Finance — 4 months ago

Federal Housing Administration Loan: How Does It Work?

by Roni G.

FHA Loan, Federal Housing Administration Loan

What You Need to Know about FHA Loans

FHA loans are mortgages issued by private lenders which are insured by the Federal Housing Administration. The FHA was created in 1934 under the National Housing Act to increase home ownership in the U.S. The idea originated during the great depression in the 1930s, when loan defaults and consequently foreclosures, increased sharply. This program was started to help people buy homes with very little down payment and with minimum risk to the lenders as well.

The FHA loans are designed for the low-to-moderate income group and require lower down payments and lower credit scores to avail a loan. They allow borrowers a down payment as low as 3.5% with a credit score of 580 or higher. If the borrower’s credit score is between 500 and 579, they can still avail a loan at 10% down payment.

FHA Loan

How does an FHA loan work?

The Federal Housing Administration does not lend money for loans by itself. The loan is given by an FHA-approved lender, maybe a bank and the FHA guarantees the loan. Which means that if the borrower fails to repay the loan the FHA has the lender covered against losses, and the FHA will pay the claim. 

The borrower repays the guarantee to the FHA through Mortgage Insurance Premium (MIP). An FHA loan requires two types of MIPs – an Up Front MIP (UFMIP) and an Annual MIP. The UFMIP is 1.75% of the base amount of the loan which, as the name suggests, needs to be paid up front. The Annual MIP is paid monthly, ranging from 0.45% to 1.05% of the base amount, depending on the loan amount, length and loan-to-value ratio. The UFMIP can also be rolled into the loan if a borrower cannot pay immediately. Payments are deposited in an account set up with the U.S. Treasury and the funds from the report are used to repay the mortgage if the borrower defaults.

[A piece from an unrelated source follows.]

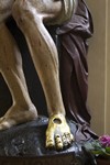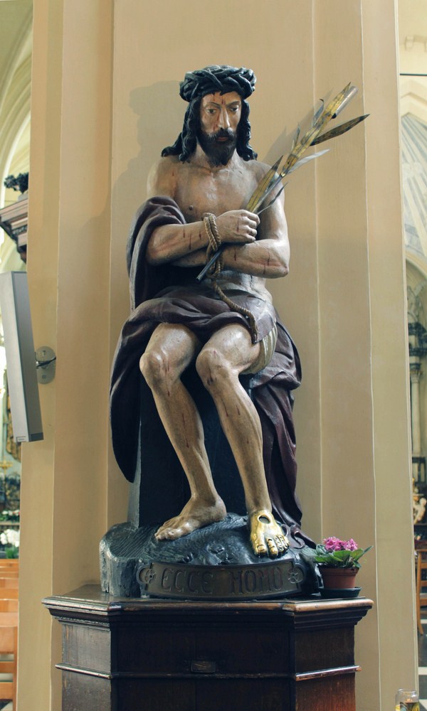 ◆ Traditionnellement, le pèlerin en visite touche le pied d’or du Christ à l’entrée de l’édifice 🗎⮵. Il réitérera ce geste sur le bras du gisant du Christ qu’il trouvera sous les arcades de la Maison de l’étoile situé sur la Grand-Place.

Federal Housing Administration Loan

Advantages of an FHA loan

An FHA loan can be used to purchase or refinance a new home of any type, as long as the borrower will be occupying a part of it. FHA also allows you to borrow up to $50,000 for repairing and fixing up the property after you own it. Another huge advantage of this loan is that if you sell the property, the new buyer is allowed to take over your loan. As the interest rates are very low in FHA loans, the new buyers do not hesitate in assuming someone else’s loan.

These loans are particularly beneficial for first-time home-buyers and low-income buyers.

FHA Loan Requirements

The following criteria are FHA Loan Requirements that must be met by a borrower to be eligible for a loan-

  • A credit score of 500-579 at 10% down payment
  • A credit score of 580 or more at a minimum 3.5% down payment
  • A debt-to-income ratio of maximum 43%, relaxed to 50% in some cases
  • Appraisal by an FHA approved appraiser
  • Proof of a steady income and income tax records
  • Minimum 2 years of employment history
  • 18 years of age or more
  • The borrower must occupy the home as a primary residence
Federal Housing Administration 203(k) Loan

FHA loan types

Traditional Mortgage – Used to finance primary residences

Home Equity Conversion Mortgage – This allows homeowners of age 62 years or more to exchange their home equity for cash.

Energy Efficient Mortgage Program – This includes extra funds to make improvements for energy efficient homes aiming to reduce utility bills.

Federal Housing Administration 203(k) Loan: Mortgage Program – This consists of the funds for the renovation of a property after the borrower has bought it.